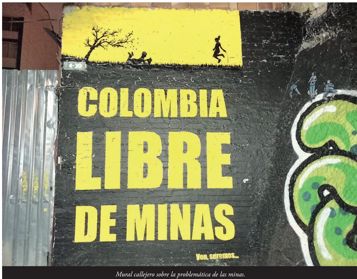
Mural callejero sobre la problemática de las minas.

blaciones frágiles, afectas n'emerxencias por movimientos y confinamientos, con impautu tamién en refuxaos y migrantes.
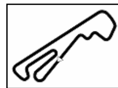
Autodr. Borzacchini 2.507 m
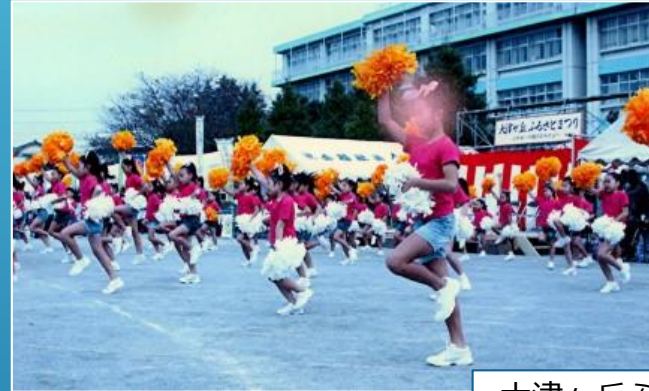
大津ヶ丘ふるさとまつり
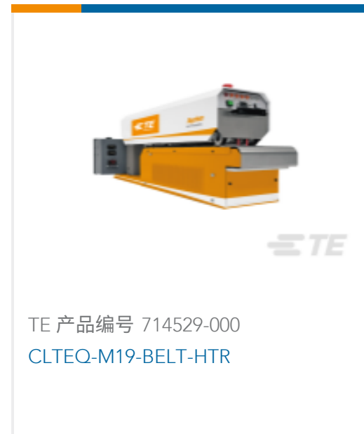
TE 产品编号 714529-000 CLTEQ-M19-BELT-HTR
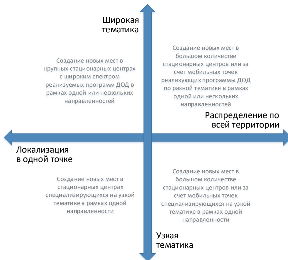
Рис. 3. Шкалы выбора масштаба и формы реализации новых мест по программам ДОД

При невыполнении хотя бы одного из них возникает необходимость пространственного распределения реализуемой модели через мобильные или сетевые решения.
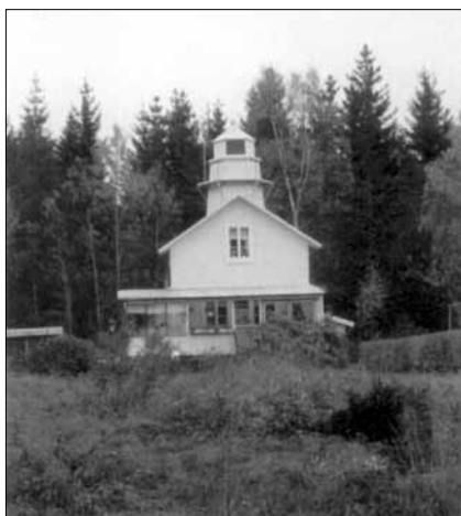
Gullsjö övre, tillika fyrvaktarbostad.

fande Gullsjö: För inseglingen till Mariestad uppfördes år 1902 på ett område tillhörande egendomen Sjöberg två linjefyrar, varav den norra bestod av ett vitmålat böningshus med torn på gaveln. C:a 150 meter söder därom uppfördes ett sexkantigt vitt torn som ledfyr. Båda voro färdiga på hösten samma år och tändes första gången
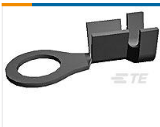
TE 产品编号109452-4 RING TONGUE 170 18-14 AWG PTPBR
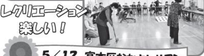
レクリエーション 楽しい!
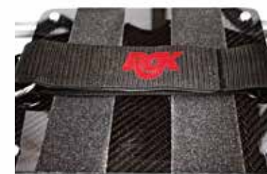
Reposapiés integrado con cincha pies

Y además, ruedas delanteras con rodamientos Bones Reds como standard. Reducen la fricción, minimizando la energía necesaria para propulsar la silla y facilitando la maniobrabilidad en el juego.
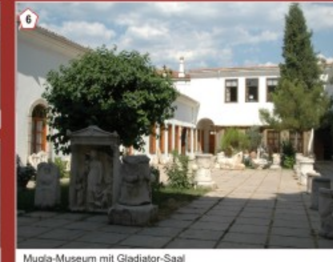
6 Mugla-Museum mit Gladiator-Saal
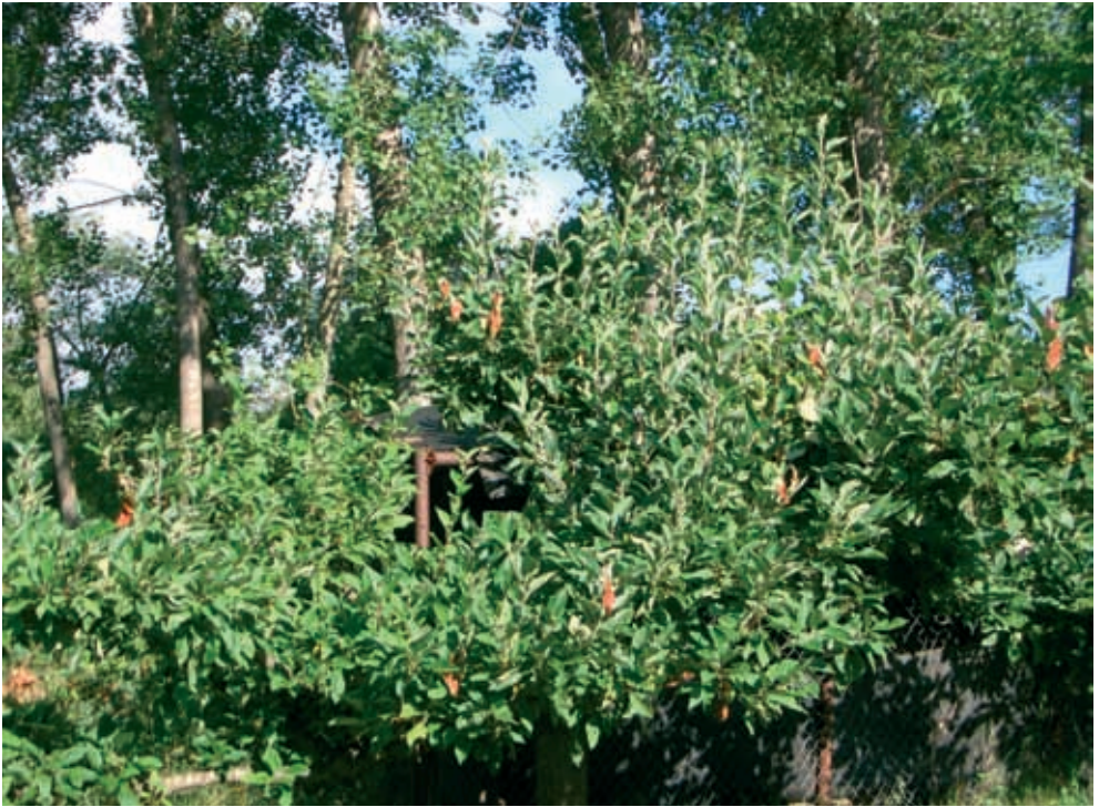
Síntomas en manzano (13)
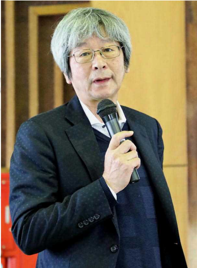
必ず笑いと話し合いを仕掛ける省三先生
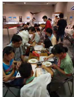
03 展示会場の様子 チリモンコーナー
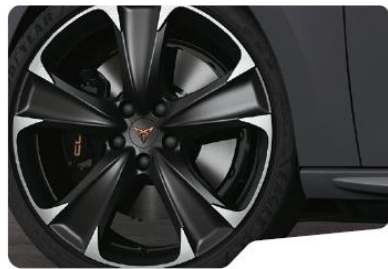
19" Exclusive 30/1 Black/Silver – standard VZ
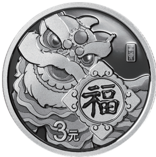
8克圆形普制银质纪念币背面图案
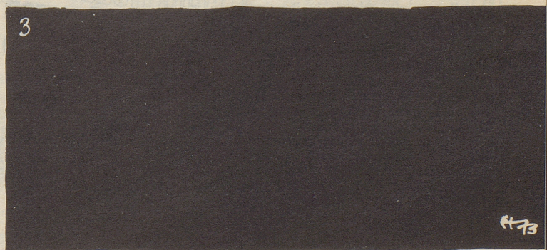
Aufhellung der Affäre Steiner

□ □ □

** Prompt **
Pictures stay out, but every record above is to be returned exactly.

** Solution to the exercise **
Mural callejero sobre la problemática de las minas.

blaciones frágiles, afectas n'emerxencias por movimientos y confinamientos, con impautu tamién en refuxaos y migrantes.
Autodr. Borzacchini 2.507 m
大津ヶ丘ふるさとまつり
TE 产品编号 714529-000 CLTEQ-M19-BELT-HTR
Рис. 3. Шкалы выбора масштаба и формы реализации новых мест по программам ДОД

При невыполнении хотя бы одного из них возникает необходимость пространственного распределения реализуемой модели через мобильные или сетевые решения.
Gullsjö övre, tillika fyrvaktarbostad.

fande Gullsjö: För inseglingen till Mariestad uppfördes år 1902 på ett område tillhörande egendomen Sjöberg två linjefyrar, varav den norra bestod av ett vitmålat böningshus med torn på gaveln. C:a 150 meter söder därom uppfördes ett sexkantigt vitt torn som ledfyr. Båda voro färdiga på hösten samma år och tändes första gången
TE 产品编号109452-4 RING TONGUE 170 18-14 AWG PTPBR
レクリエーション 楽しい!
Reposapiés integrado con cincha pies

Y además, ruedas delanteras con rodamientos Bones Reds como standard. Reducen la fricción, minimizando la energía necesaria para propulsar la silla y facilitando la maniobrabilidad en el juego.
6 Mugla-Museum mit Gladiator-Saal
Síntomas en manzano (13)
必ず笑いと話し合いを仕掛ける省三先生
03 展示会場の様子 チリモンコーナー
19" Exclusive 30/1 Black/Silver – standard VZ
8克圆形普制银质纪念币背面图案
Aufhellung der Affäre Steiner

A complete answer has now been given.